The government introduced to the State Duma billconsolidating the opportunity for participants in the company to receive their share at market value for those who leave LLC. Such amendments have been developed by the Ministry of Economy since 2023 (see. « Kommersant » dated June 27, 2023 And March 25, 2024).

Let us explain that now the payment of the LLC to participants is determined by the balance value of net assets.

Often it is much lower than the market price of a share – and this leads to litigation between the co -owners of the LLC. As noted in the Ministry of Economy, the changes will affect almost 80% of legal entities in the country (this is about 2.5 million LLCs) and their adoption should reduce the number of similar lawsuits.

The Law on the LLC is planned to prescribe that the participant who leaves the business may receive the market value of the share if, before the expiration of the payment term, the corresponding application to the leadership of the company (the presence of such a paper will be a prerequisite for transferring the dispute to the court if necessary). The market value of the share will be determined by the appraiser, which can be attracted by both the participant and the company. In the case of disagreements that could not be resolved by the time of the expiration of the payment term, the outgoing participant will first receive it based on the value of net assets – with the subsequent surcharge at the market price.

B1 partner Vasily Makovkin notes that there are a lot of disputes about the price of a share – the participants demand that a market value is used instead of a balance value, and often the courts agree with this.

Many companies prevent the appraisers and, if the difference between the market and balance cost is large, immediately pay the first.

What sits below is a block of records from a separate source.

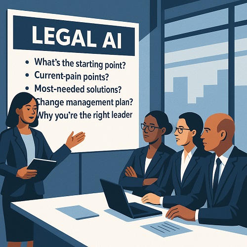 · A foundational understanding of how AI works (take that Coursera course, follow legal AI thought leaders, speak at a legal tech summit).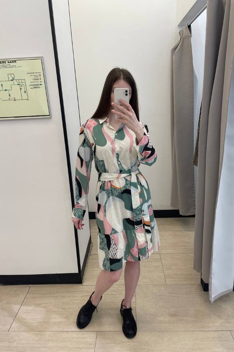 Платье свободного силуэта из плательной ткани. Изделие отрезное по линии талии, с ярусом на юбке. Лиф с застёжкой на пуговицы. Вырез горловины обработан отложным воротником на стойке. Втачной рукав на манжете с застёжкой на пуговицы. В комплекте пояс из основной ткани. В таблице размеров представлены параметры человека, а не изделия.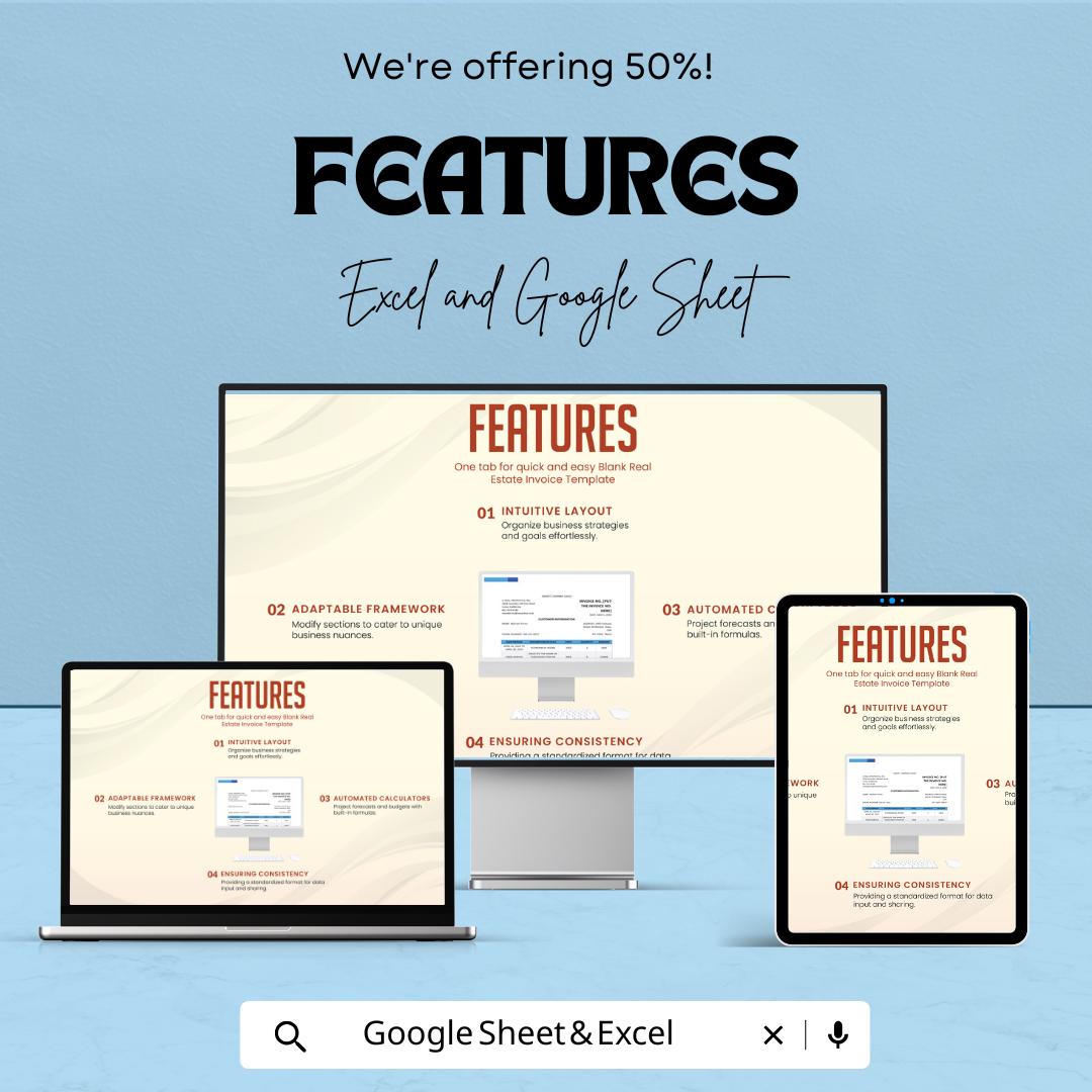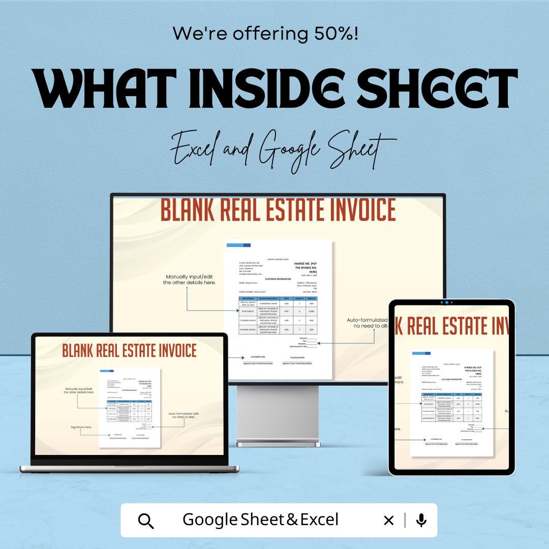 Blank Real Estate Invoice Sheet | Excel & Google Sheets Template | Customizable Real Estate Invoice | Instant Download |

So, according to Vasily Makovkin, in fact, the law is brought into line with the prevailing practice.

According to the director of the legal practice of DRT, Nikita Korobeinikov, the innovation will help reduce the level of potential abuses – in particular, manipulating the financial statements of the LLC to underestimate or overstate payments to the outgoing participant.

According to Andrei Shiryaev’s legal practice partner, on the one hand, after the adoption of the amendments, there will be more opportunities to establish a fair value of a share without going to court, on the other hand, the space for potential disagreements will expand, and the need to attract the appraiser increases the costs of the parties. The head of the practice of corporate law, M&A and international restructuring Tedo Artem Moiseenko believes that the changes are aimed at increasing the significance of the right to withdraw a participant from LLC and may act as a means of legal protection in corporate relations.

However, due to the need to spend funds (especially when it comes to the release of a major participant), you can expect practice leaving in the direction of the “total exclusion of the right to exit” from the LLC.

Corporate law adviser “Melling, Playshkin and Partners” Kirill Manshin also warns that in some cases, such an order can violate the balance of interests of the remaining participants in the company and leaving it in favor of the latter. “Outgoing participants can actually resolve the issue of liquidity of their shares at the expense of LLC and other owners,” he says. Andrei Shiryaev adds that it will be difficult for the company to defend himself from the requirements of the participant, backed up by the report on the assessment, if the society shows passivity and does not enlist its report.